Going up Fifth and Park avenues while chanting: “Hey! You millionaire! Pay your fair share!” doesn’t bring the hordes of America’s jobless any change they can believe in.

Did you know, as the Voice reported on April 16, that the NYPD “has a $20 million payroll of cops who don’t work because they have ‘killed or assaulted people, violated civil rights, beat up their wives or girlfriends, driven drunk or hurt bystanders,’ according to a report by the New York Post.” It’s dubbed the “rubber-gun room.”

And did you also know—reported on WNYC on June 13—“Last year, the city paid a historic $136 million to settle claims against the NYPD. More than 40 percent of these settlements stemmed from civil rights claims or things like excessive force and false arrest”?

Have you heard our lordly mayor say anything about that?

Peter Vallone, chair of the City Council Public Safety division, has proposed legislation (WNYC, June 13) that “would bring more transparency and accountability to the whole police tort claim process.”

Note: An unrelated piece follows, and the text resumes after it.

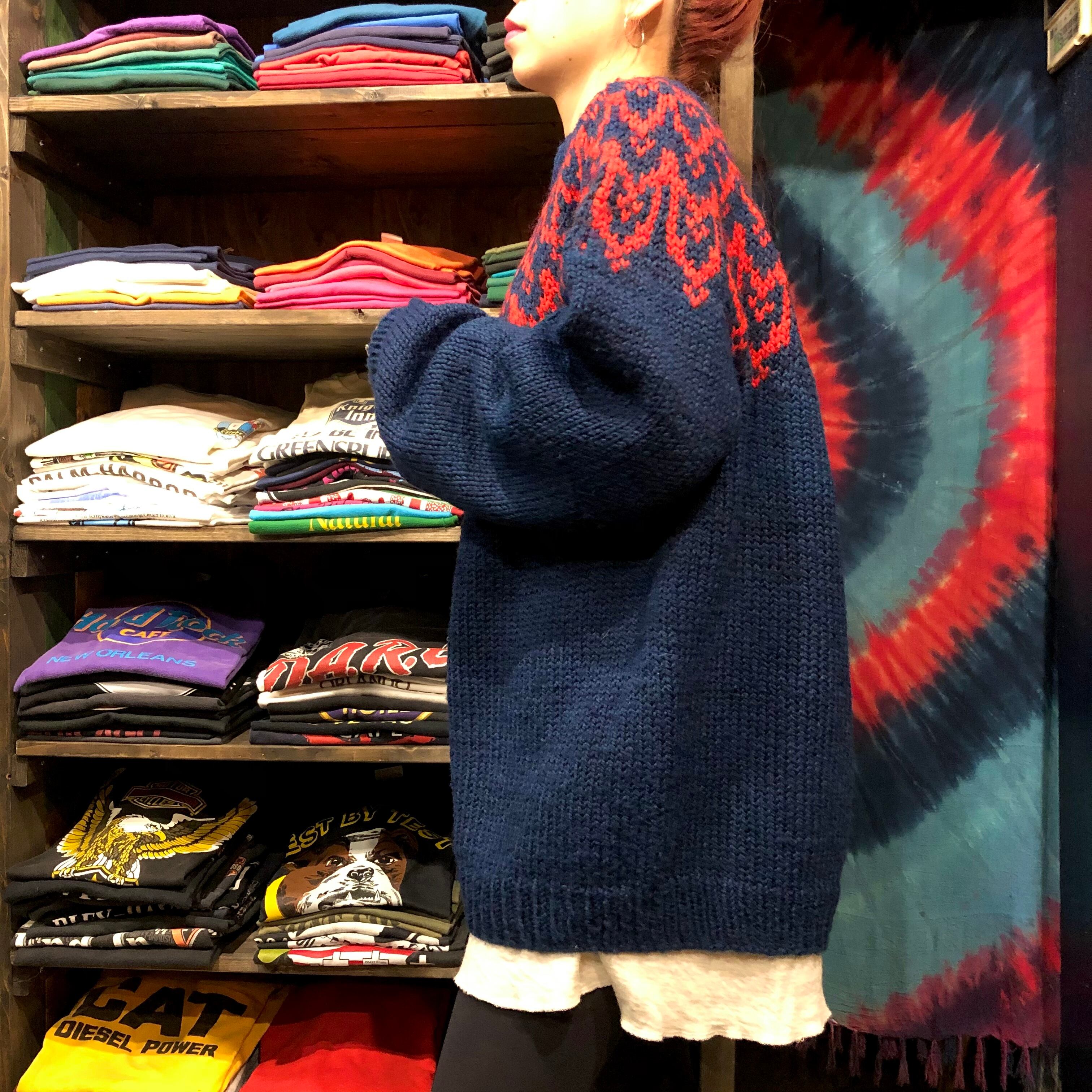 おそらくハンドメイドのもので柔らかめのややざっくり編んである感じが温かみがあり魅力的です。ぽわんとゆったり着られら感じもかわいいのですが、男性が一枚でサラッと着るのも素敵だと思います。

Vallone is usually a strong supporter of the NYPD, but his eyes have also been opened over time, and so his bill “would require that the city’s lawyers disclose to the City Council specifics on all settlements reached on behalf of the NYPD including the precincts and officers involved.” It should also include the NYPD “white shirts”: lieutenants, captains, and inspectors who bullied some of the Occupy Wall Street protesters.

What has happened to that bill? In any case, the New York Civil Liberties Union, whose eyes are never closed to this NYPD culture, has outlined “what a good oversight system of the police department would look like. We think,” says the NYCLU, “the Vallone bill is a good start, but it’s not enough.”

The public will be encouraged to join in with recommendations, including the huge number of New Yorkers over the years who have been stopped and frisked. And not only them. Commissioner Kelly is certainly welcome to participate. But the mayor’s too busy screwing up the traffic with bicycle lanes.